What to do: The finished copy should hold every entry exactly as given, and no pictures.

(Data extracted from a collection)
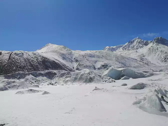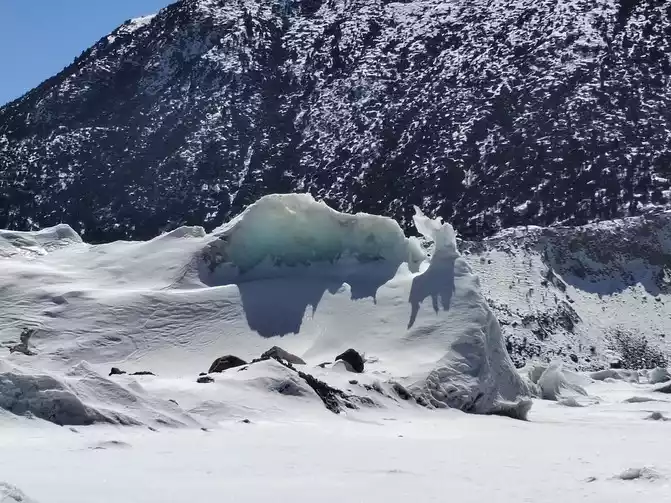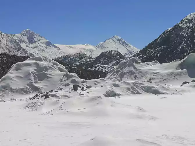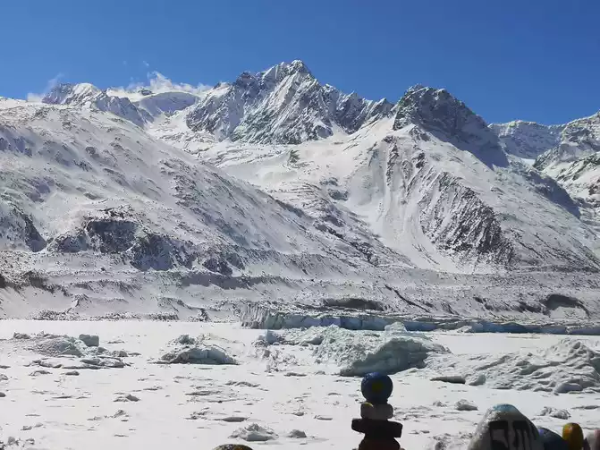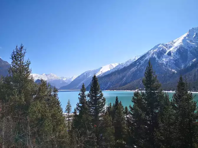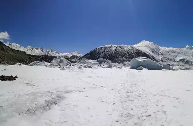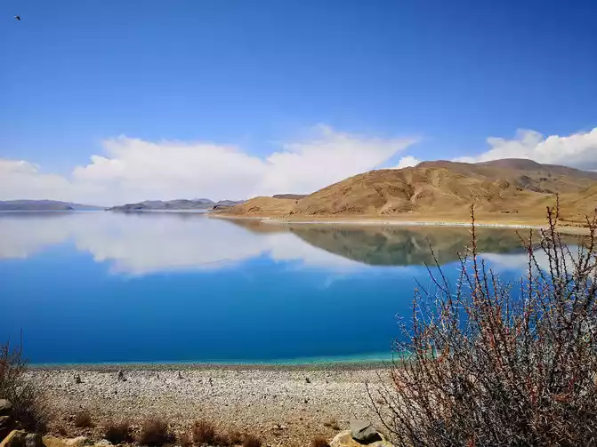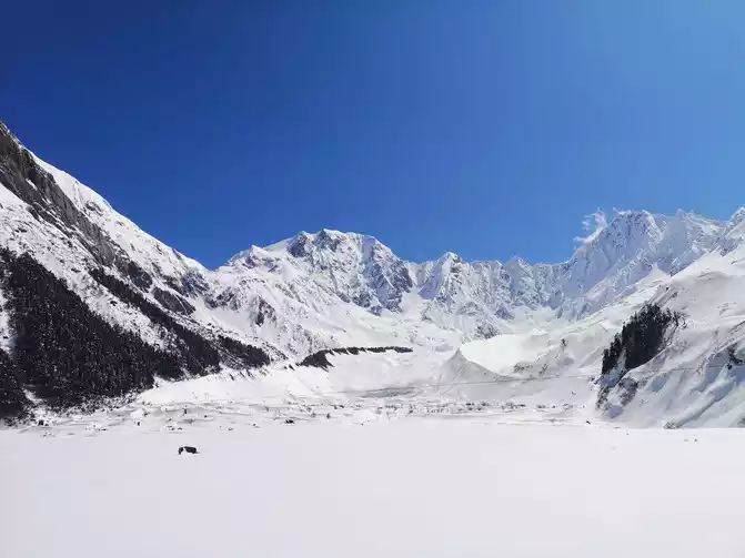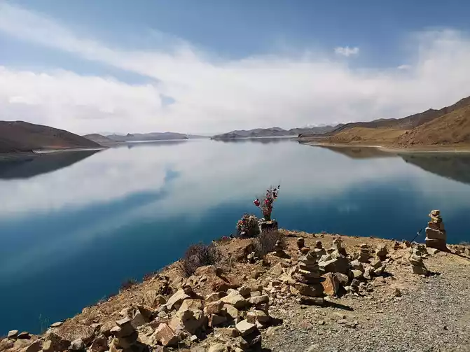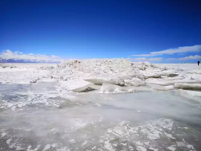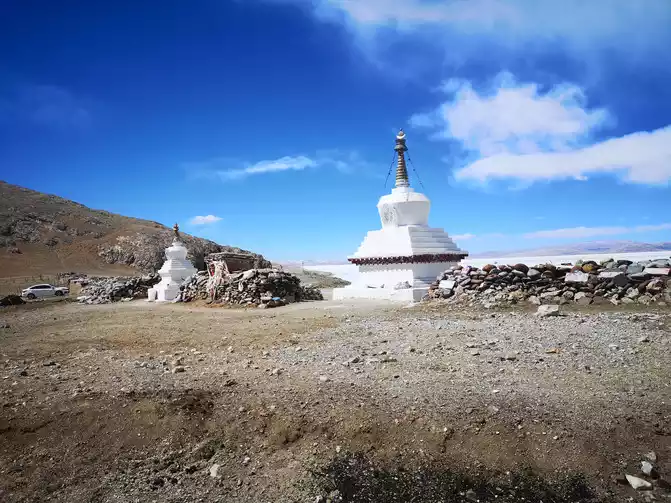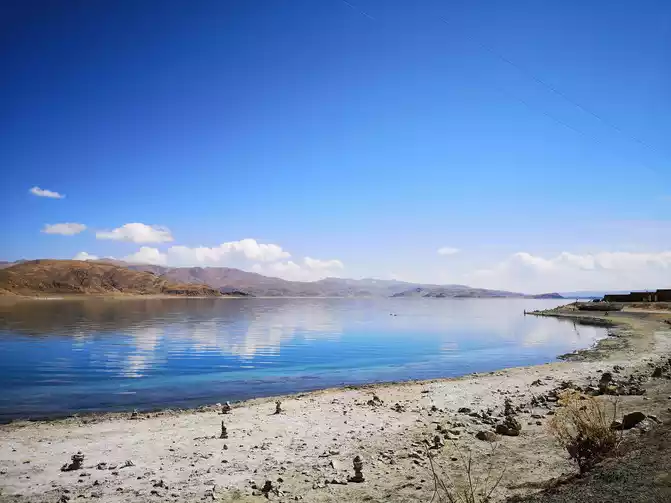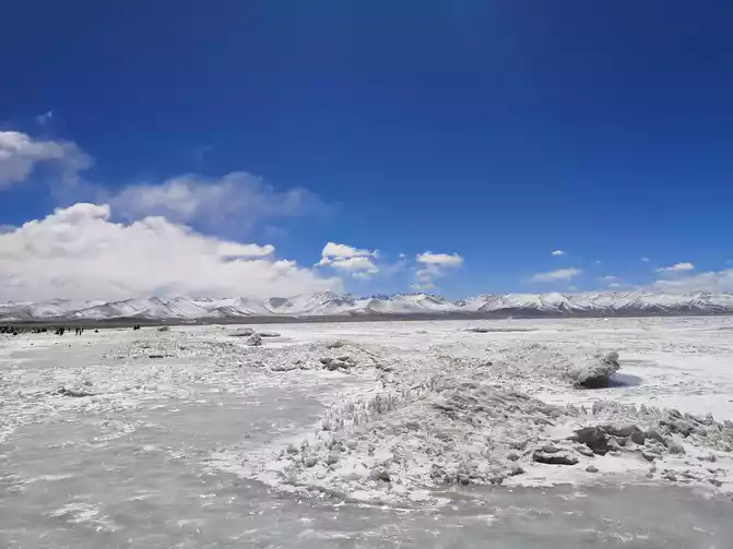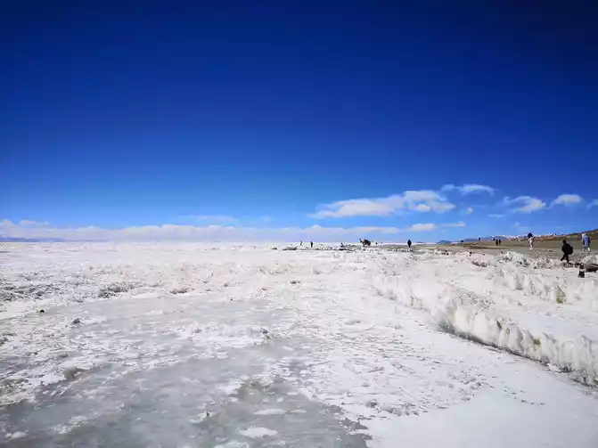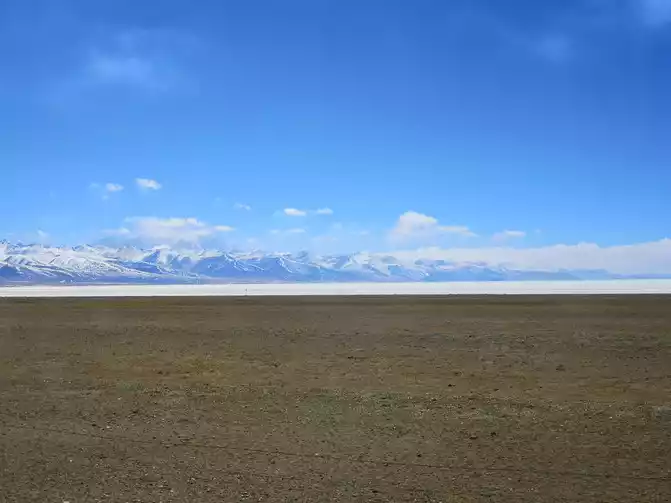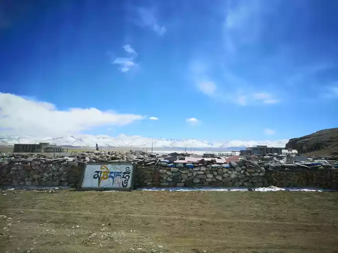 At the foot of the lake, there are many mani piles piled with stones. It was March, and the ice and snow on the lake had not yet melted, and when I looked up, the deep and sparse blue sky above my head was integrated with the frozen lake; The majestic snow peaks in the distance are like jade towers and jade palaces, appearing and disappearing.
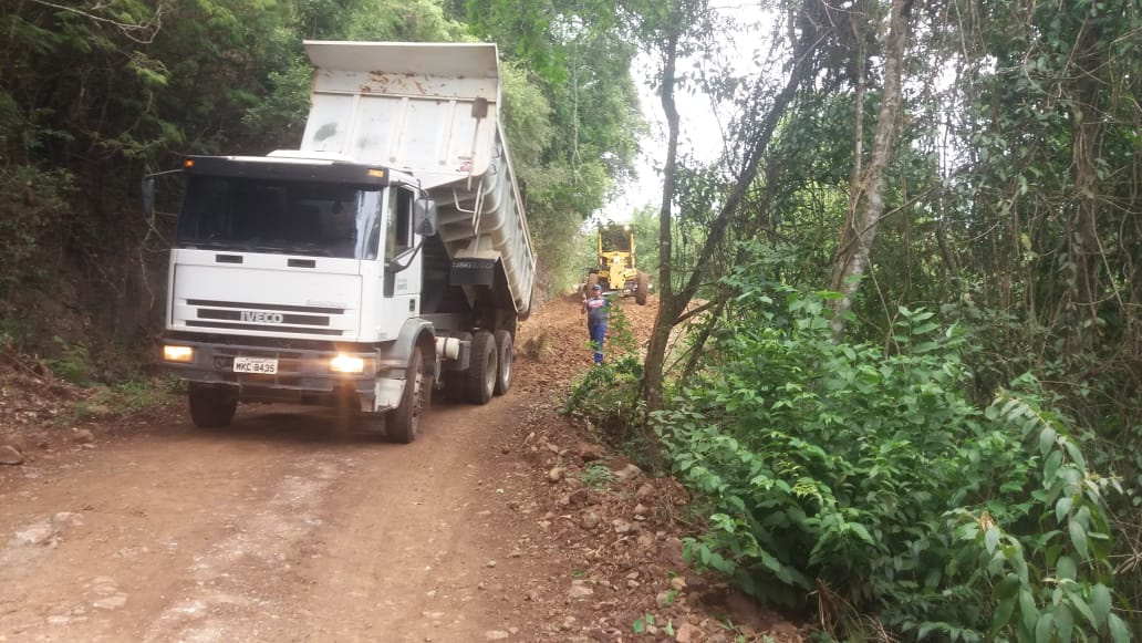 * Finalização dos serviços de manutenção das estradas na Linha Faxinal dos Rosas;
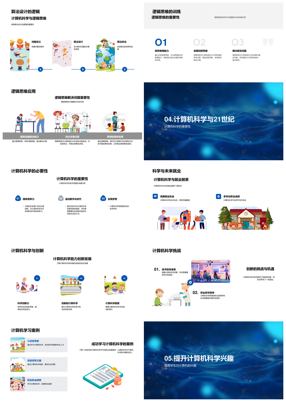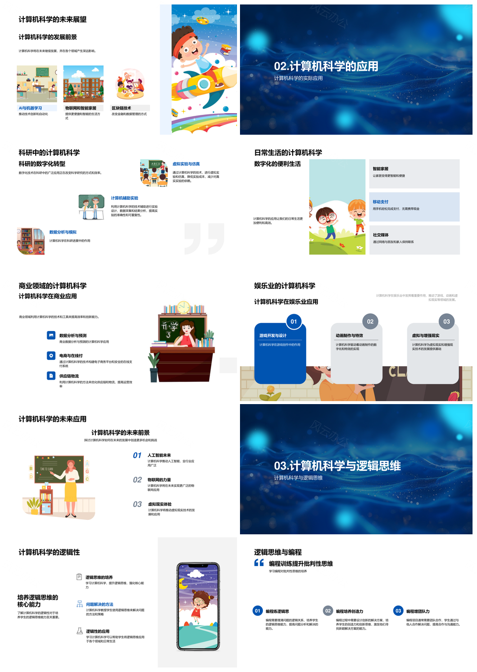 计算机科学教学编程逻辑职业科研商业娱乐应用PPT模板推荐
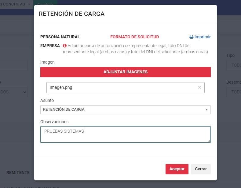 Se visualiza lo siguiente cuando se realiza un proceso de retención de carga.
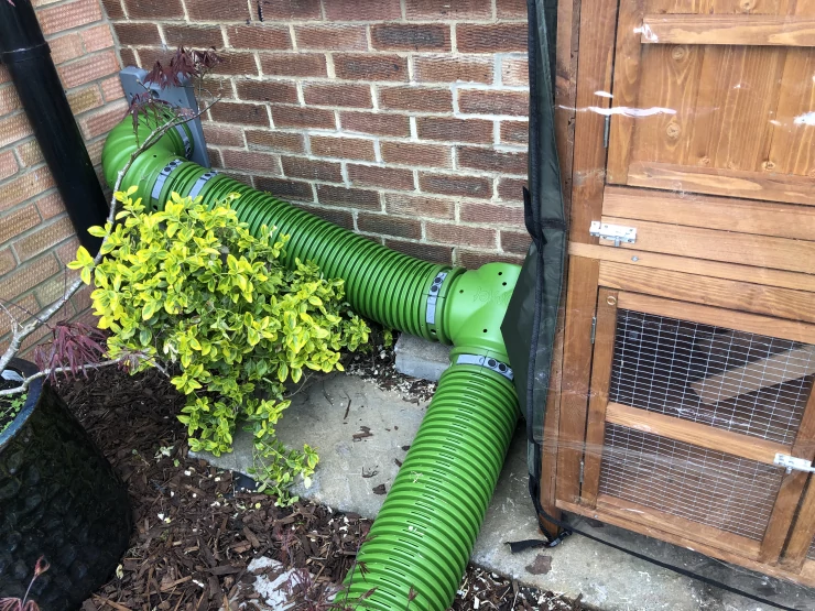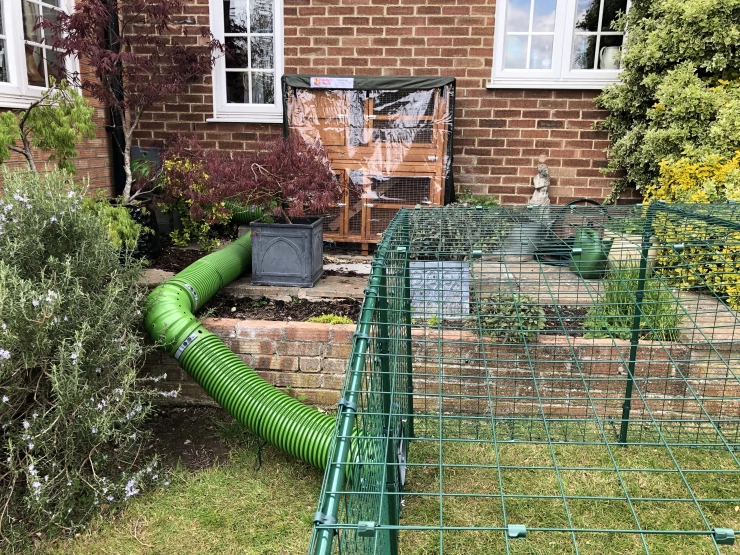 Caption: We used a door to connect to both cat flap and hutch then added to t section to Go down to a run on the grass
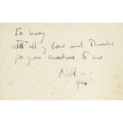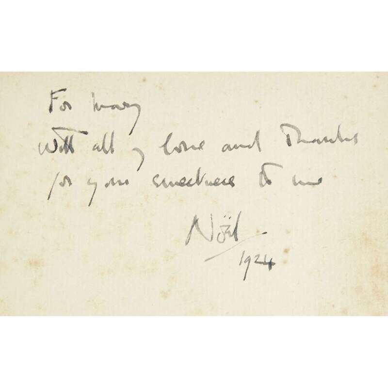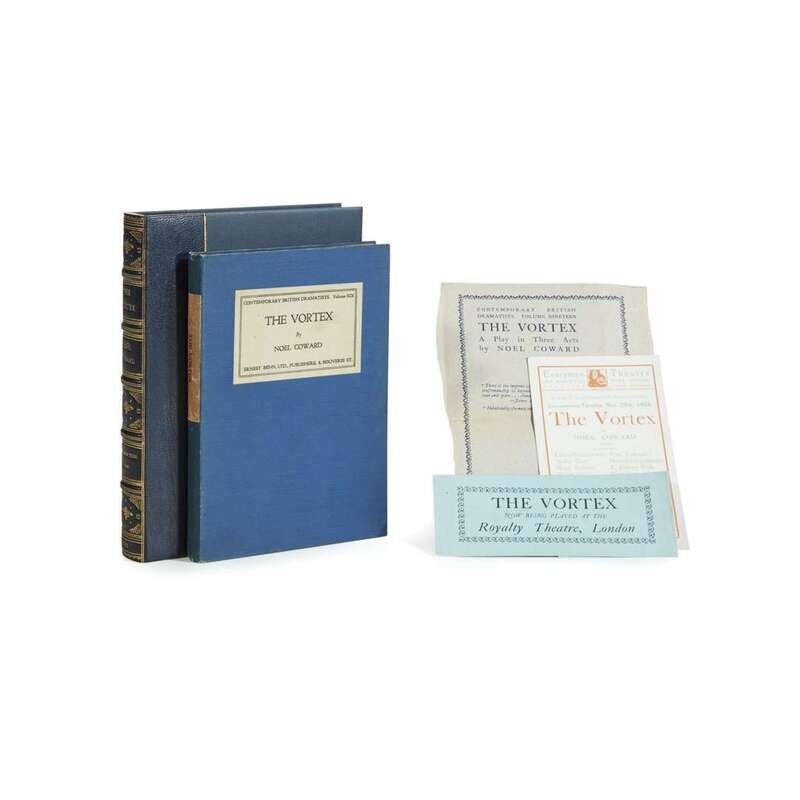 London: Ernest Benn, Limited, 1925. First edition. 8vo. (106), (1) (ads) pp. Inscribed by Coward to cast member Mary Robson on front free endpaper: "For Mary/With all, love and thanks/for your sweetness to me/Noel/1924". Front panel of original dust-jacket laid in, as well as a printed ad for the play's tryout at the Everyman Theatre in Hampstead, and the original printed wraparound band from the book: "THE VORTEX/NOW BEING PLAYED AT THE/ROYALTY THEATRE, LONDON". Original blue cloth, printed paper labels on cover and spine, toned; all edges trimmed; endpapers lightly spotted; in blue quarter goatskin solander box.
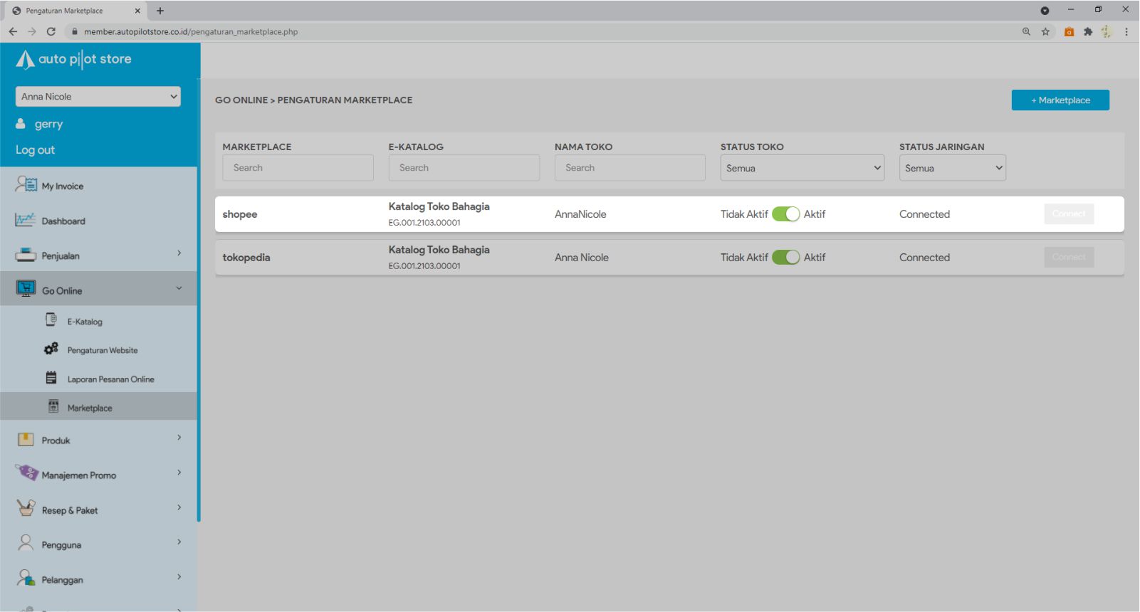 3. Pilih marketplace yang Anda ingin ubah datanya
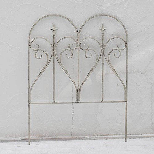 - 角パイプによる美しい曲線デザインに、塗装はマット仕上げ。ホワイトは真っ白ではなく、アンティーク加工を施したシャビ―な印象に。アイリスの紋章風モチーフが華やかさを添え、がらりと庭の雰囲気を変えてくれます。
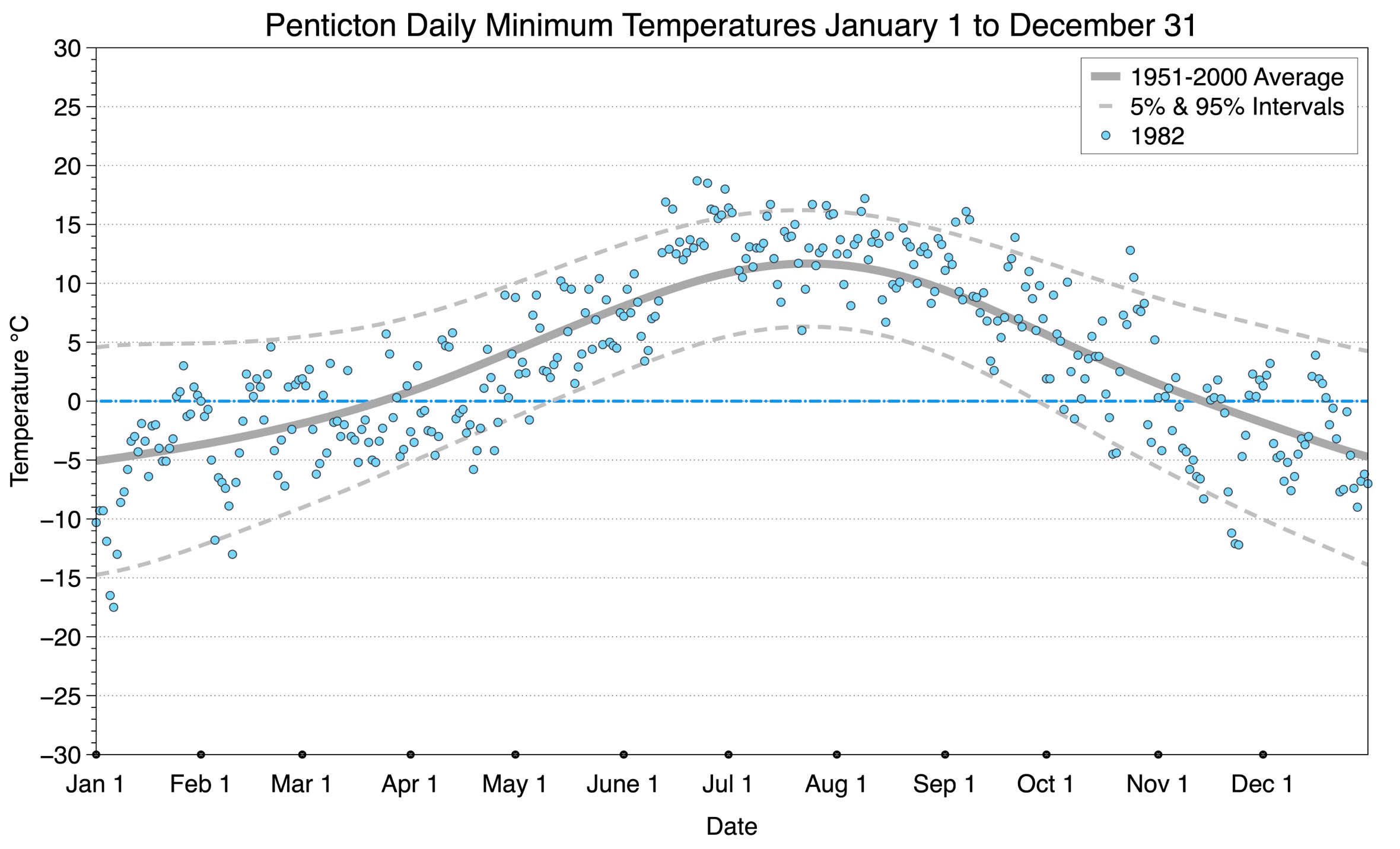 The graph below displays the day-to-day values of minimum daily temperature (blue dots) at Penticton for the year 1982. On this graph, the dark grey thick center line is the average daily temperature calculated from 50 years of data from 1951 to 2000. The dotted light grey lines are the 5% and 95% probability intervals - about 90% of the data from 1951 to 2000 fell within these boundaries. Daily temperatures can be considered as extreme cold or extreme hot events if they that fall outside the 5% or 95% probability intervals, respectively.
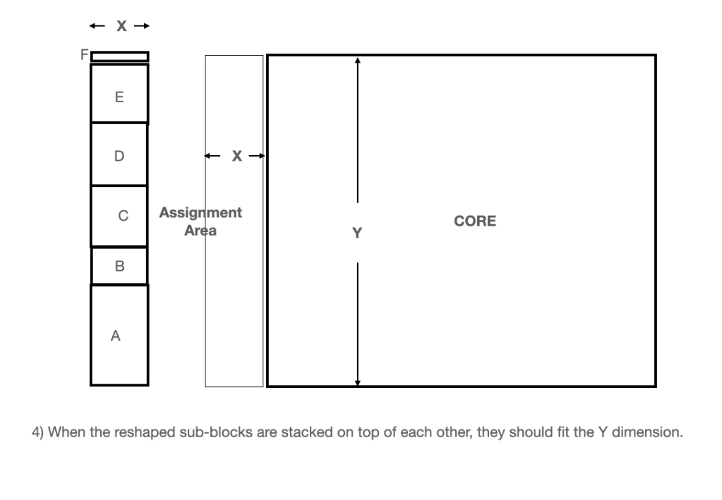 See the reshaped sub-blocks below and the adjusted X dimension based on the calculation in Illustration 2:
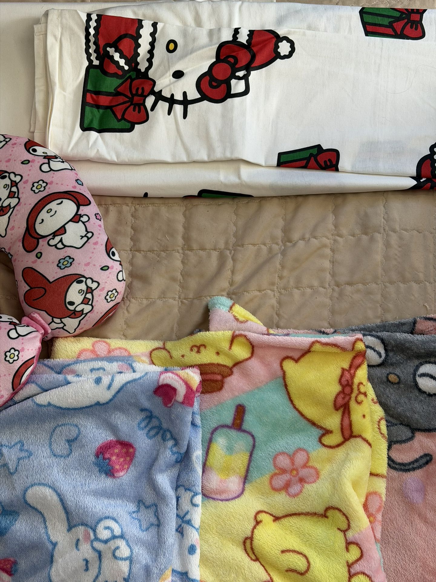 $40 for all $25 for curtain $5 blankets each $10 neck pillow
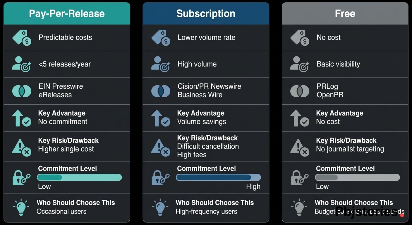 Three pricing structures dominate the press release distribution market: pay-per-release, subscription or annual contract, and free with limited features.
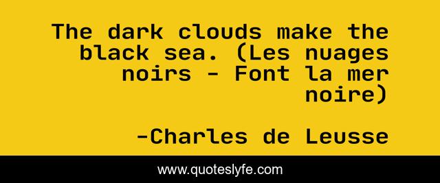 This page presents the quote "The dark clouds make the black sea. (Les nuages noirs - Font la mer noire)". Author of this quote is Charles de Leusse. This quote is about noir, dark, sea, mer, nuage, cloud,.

Exercise response:
 At the foot of the lake, there are many mani piles piled with stones. It was March, and the ice and snow on the lake had not yet melted, and when I looked up, the deep and sparse blue sky above my head was integrated with the frozen lake; The majestic snow peaks in the distance are like jade towers and jade palaces, appearing and disappearing.
 * Finalização dos serviços de manutenção das estradas na Linha Faxinal dos Rosas;
 计算机科学教学编程逻辑职业科研商业娱乐应用PPT模板推荐
 Se visualiza lo siguiente cuando se realiza un proceso de retención de carga.
 Caption: We used a door to connect to both cat flap and hutch then added to t section to Go down to a run on the grass
 London: Ernest Benn, Limited, 1925. First edition. 8vo. (106), (1) (ads) pp. Inscribed by Coward to cast member Mary Robson on front free endpaper: "For Mary/With all, love and thanks/for your sweetness to me/Noel/1924". Front panel of original dust-jacket laid in, as well as a printed ad for the play's tryout at the Everyman Theatre in Hampstead, and the original printed wraparound band from the book: "THE VORTEX/NOW BEING PLAYED AT THE/ROYALTY THEATRE, LONDON". Original blue cloth, printed paper labels on cover and spine, toned; all edges trimmed; endpapers lightly spotted; in blue quarter goatskin solander box.
 3. Pilih marketplace yang Anda ingin ubah datanya
 - 角パイプによる美しい曲線デザインに、塗装はマット仕上げ。ホワイトは真っ白ではなく、アンティーク加工を施したシャビ―な印象に。アイリスの紋章風モチーフが華やかさを添え、がらりと庭の雰囲気を変えてくれます。
 The graph below displays the day-to-day values of minimum daily temperature (blue dots) at Penticton for the year 1982. On this graph, the dark grey thick center line is the average daily temperature calculated from 50 years of data from 1951 to 2000. The dotted light grey lines are the 5% and 95% probability intervals - about 90% of the data from 1951 to 2000 fell within these boundaries. Daily temperatures can be considered as extreme cold or extreme hot events if they that fall outside the 5% or 95% probability intervals, respectively.
 See the reshaped sub-blocks below and the adjusted X dimension based on the calculation in Illustration 2:
 $40 for all $25 for curtain $5 blankets each $10 neck pillow
 Three pricing structures dominate the press release distribution market: pay-per-release, subscription or annual contract, and free with limited features.
 This page presents the quote "The dark clouds make the black sea. (Les nuages noirs - Font la mer noire)". Author of this quote is Charles de Leusse. This quote is about noir, dark, sea, mer, nuage, cloud,.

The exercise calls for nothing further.